This led to earnings-per-share declining on an adjusted basis by 23% to $1.06. Unlike many companies, Visa is continuing to buy back its own shares and pay its dividend during this very challenging period. The company withdrew guidance for this year, but we expect $5.00 in earnings-per-share for 2020 following Q3 results.

Growth Prospects

One thing Visa has never lacked is growth potential. The company’s earnings-per-share rose by more than seven times in the decade ending 2019, for annualized growth of 22%. We aren’t quite that bullish on Visa’s growth potential looking forward, however, as the scale the company has achieved means further gains will be harder to come by.

Still, Visa is a major beneficiary of the transition to a society that is less dependent upon cash, and there are many developing economies around the world that don’t yet have access to cashless options.
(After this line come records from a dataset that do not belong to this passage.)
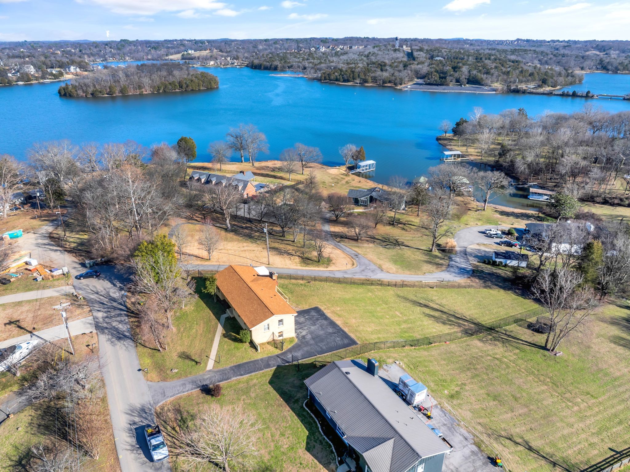 Lakeside Community with Multi-Million Dollar Lake Homes and Zoned for Wilson County Schools. Close to area Conveniences, such as Shopping, Grocery, Restaurants, Hospital, Airport and who can forget THE LAKE!! Shutes Branch Boat Launch is Visible from the Backyard and only 2 miles away by car! Home Rests on a Corner Lot at the end of a Dead End Street and Boasts Nearly 3,000 sqft of Living Space with Year Round views of Old Hickory Lake from Many Windows. There's a Full Finished Daylight Walk-out Basement with Views of the Lake, Full Bath, Kitchenette/Wetbar/Laundry room, Living/Rec Room w/Fireplace and Den/office/etc w/closet. Main Floor has 3 Bedrooms, All with Walk in Closets- 2 Full Baths, Large, Bright Living Room, Separate Dinning Room, 2nd Living Room/Den with Fireplace & Views of the Lake, and Kitchen. Items in and around home could use updating and/or replacing -Please use Caution when Touring Back Deck. It has been Sturdied up for Showing Purposes Only. Do Not Allow Children on Deck. Neither Seller nor Listing Agent has Knowledge as to Condition of Any Mechanical Units, Electrical, Septic, Plumbing, Chimneys, etc. Key Features: Wilson County, Views of Lake, No HOA, Convenient Location, 2 Wood Burning Fireplaces, Hardwood Floors, Wood Doors, Large Lot, All Brick, Large 2 Car Garage & Newer Roof.
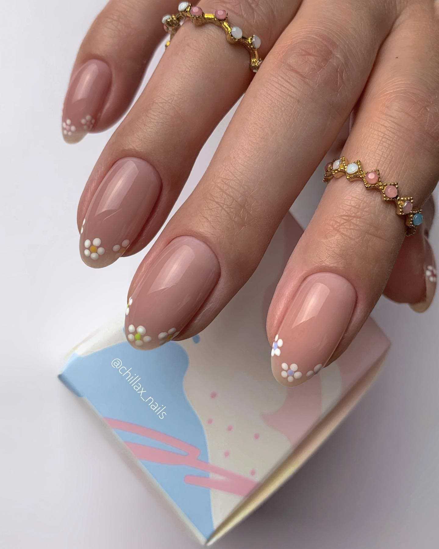 Весенний сезон 2023 года представлен в пастельных тонах и нежных рисунках. Здесь будет актуален маникюр с бабочками, цветочками и веточками. Милые и застенчивые девушки могут выбрать ромашки, кокетливые модницы — пионы, а деловые женщины — розы. Также в моде васильки, тюльпаны, хризантемы и лютики. Что касается цветовой палитры, белый гель-лак можно сочетать с нежно-голубым, бежевым, розовым, синим и фиолетовым.
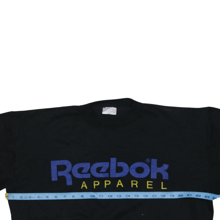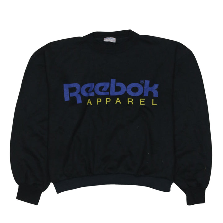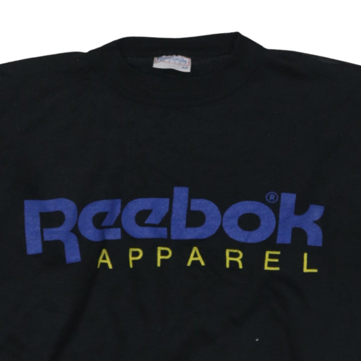 - Large Reebok APPAREL branding across chest in blue and yellow
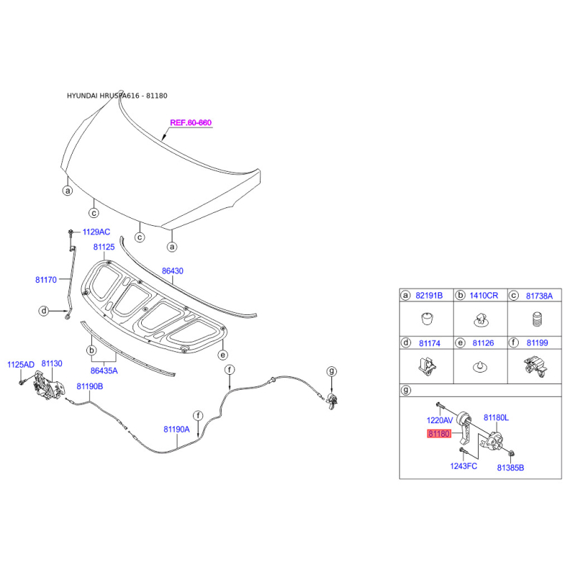 Ручка троса капота и ее крепление 81181-3F000RY Mobis

This means that Visa can not only continue to grow in the developing world through higher transaction volumes, but it should have an extended growth runway internationally as well.

In total, we expect Visa to deliver long-term earnings-per-share growth of 14% annually over the next five years, making it one of the fastest-growing stocks in our coverage universe.

Valuation and Total Returns

While we are quite bullish on Visa’s growth prospects, we are also cognizant of the fact that this growth appears to be largely priced into the stock at this point. Shares trade for nearly 41 times our earnings estimate of $5.00 per share for this year, which is almost double our estimate of fair value at 22 times earnings. That means Visa is extremely overvalued, and we see the valuation as causing a headwind to annualized returns of 11.5%.

The yield is just 0.6% with the current payout of $1.20 per share, and combined with earnings-per-share growth of 14%, we project Visa will return just 1.7% to shareholders annually through 2025.

Final Thoughts

Visa has certainly been a huge beneficiary of the mega-trend towards cashless payments, and has a very long runway for growth both domestically and internationally. However, that growth appears to be largely priced in at this point, and we recommend investors wait for a meaningful pullback that brings shares closer to our estimate of fair value. Because of this, we do not rate Visa as a buy, instead recommending investors wait for a better price before buying shares.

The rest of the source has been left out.